Charleston Church Shooting Survivor Recounts Watching Her Son Die at Dylann Roof Trial
Felicia Sanders was at a bible study on June 17, 2015, when Dylann Roof came in.
— -- When Dylann Roof opened fire at a church in Charleston last summer, Felicia Sanders clutched her granddaughter tight and told her to play dead.
"I muzzled her face to my body so tight," she testified in federal court. "I could feel the warm blood flowing on each side of me."
"I was just waiting on my turn," she said. "Even if I got shot, I just didn't want my granddaughter to get shot."
A look back at the tragic Emanuel AME Church shooting
Amidst the chaos and the bloodshed, her youngest son, Tywanza, stood up and confronted the assailant: "Why are you doing this?" he asked, according to Sanders' testimony.
"And he told our son, 'I have to do this because ya'll raping our women and taking over the world,'" Sanders said. "And that's when [the gunman] put about five bullets in my son."
A tearful Sanders then recalled watching her son die.
"We watched him take his last breath," she said. "I watched my son come into this world, and I watched my son leave this world."

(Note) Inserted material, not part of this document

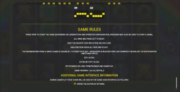 En el menú, el usuario encontrará consejos de control, reglas del juego, descripciones de las funciones y una tabla de pagos. El saldo del jugador se muestra en la pantalla principal, en la parte inferior de la página.

Roof, who is white, is accused of fatally shooting nine black parishioners, including Sanders' son, during a Bible study at the predominantly black Emanuel AME Church on June 17, 2015. Sanders and her granddaughter survived without physical injury.
Roof, who was 21 at the time, entered the Emanuel AME Church armed and "with the intent of killing African-Americans engaged in the exercise of their religious beliefs," according to the federal indictment against him. The parishioners welcomed Roof into their Bible study group, according to the indictment, after which Roof drew his pistol and opened fire.
The 33 federal counts against Roof include hate crimes resulting in death and obstruction of exercise of religion resulting in death.
Roof has pleaded not guilty.
He also faces a state trial, set for early next year, in which he may also face the death penalty.